Billing Minimums / Increments
What are Billing Minimums / Increments?
Billing minimum / Increments indicate what minimum and incremental measures of time are used to calculate the duration of each call, usually for billing purposes. Historically, billing increments have ranged anywhere from 60 seconds to 6 seconds or less. A “30/6″ billing indicates a 30 second minimum with subsequent 6 second increments. For example this means that a 10 second call on 30/6 billing will be billed as 30 seconds; a 31 second call on 30/6 billing will be billed as 36 seconds and so on.

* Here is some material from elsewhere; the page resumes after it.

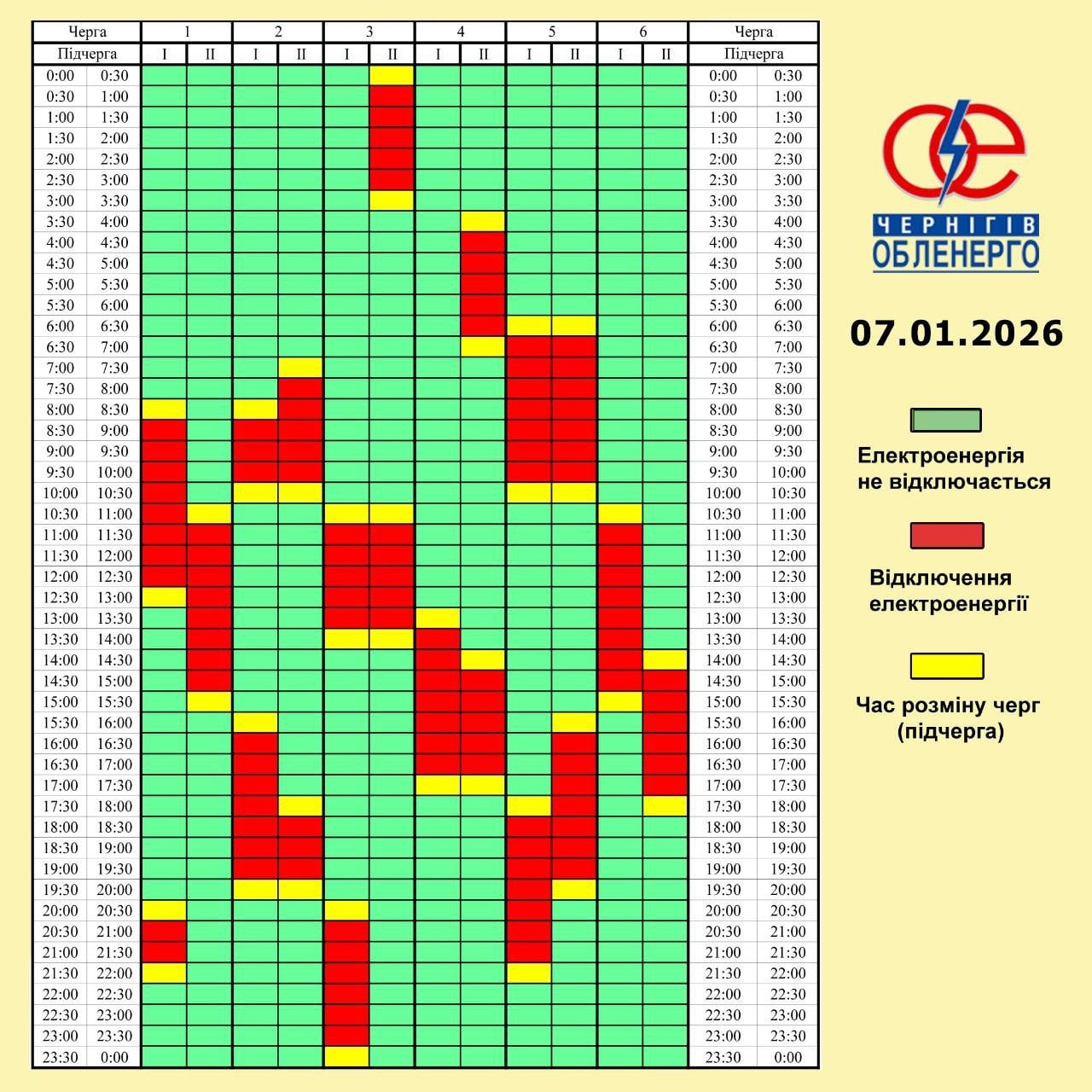 Графік відключення світла на Чернігівщині 7 січня

Minimum / Increments are important as both can impact the effective per-minute rate you pay for your calls. Your carrier may offer a ‘great’ rate, and meanwhile bill you in 60 second increments; by doing so the carrier would be inflating the effective rate.

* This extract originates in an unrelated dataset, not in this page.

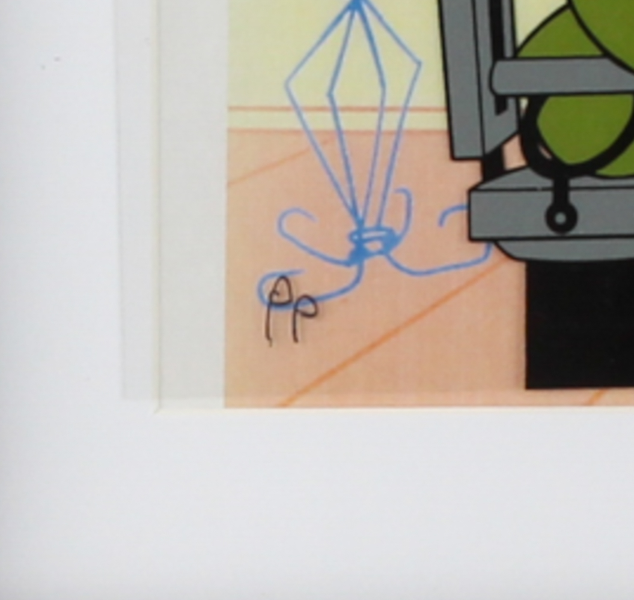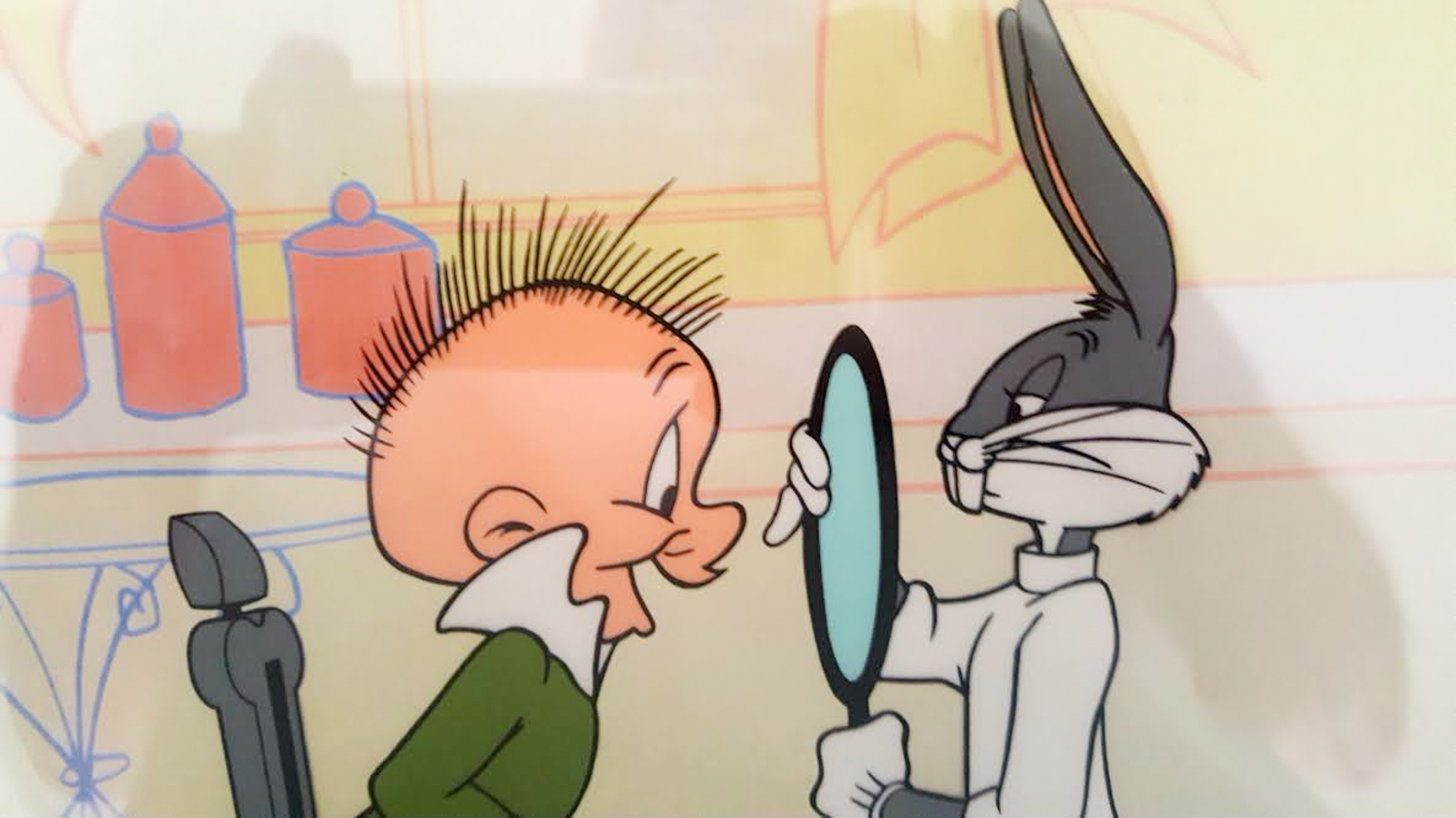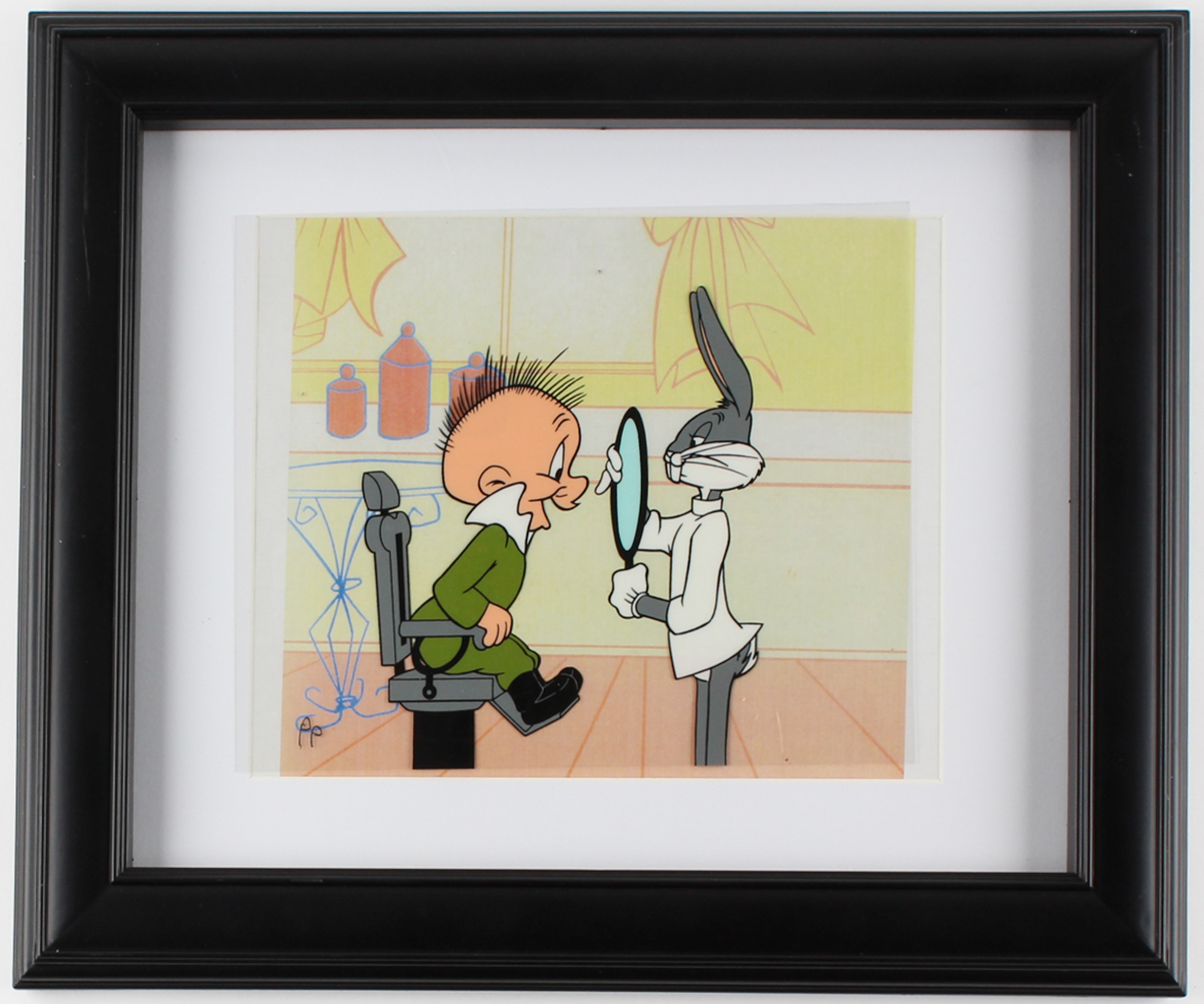 Custom framed sericel measures 14" x 17" in size and features a Bugs Bunny and Elmer Fudd sericel animation from Warner Bros.

For example the effective rate of a 7 second call charged at ¢1.5 / minute could go up by 750% or more depending on billing minimum / increments:
Actual Duration | Billing Increments | Billing Duration | Billing Rate | Cost of Call | Effective Rate |
---|---|---|---|---|---|
7 seconds | 1/1 | 7 seconds | ¢1.5 / min | $ 0.00175 | $ 0.01500 |
7 seconds | 6/1 | 7 seconds | ¢1.5 / min | $ 0.00175 | $ 0.01500 |
7 seconds | 6/6 | 12 seconds | ¢1.5 / min | $ 0.00300 | $ 0.02571 |
7 seconds | 12/6 | 12 seconds | ¢1.5 / min | $ 0.00300 | $ 0.02571 |
7 seconds | 30/6 | 30 seconds | ¢1.5 / min | $ 0.00750 | $ 0.06429 |
7 seconds | 60/60 | 60 seconds | ¢1.5 / min | $ 0.01500 | $ 0.12857 |
For an average contact center with many short duration calls made by a predictive dialer, more aggressive (shorter) billing increments could mean a difference of 20-30% or more in long distance charges. When comparing rates from multiple carriers, make sure you include the minimum / increments in your assessment; otherwise you could be comparing apples and oranges.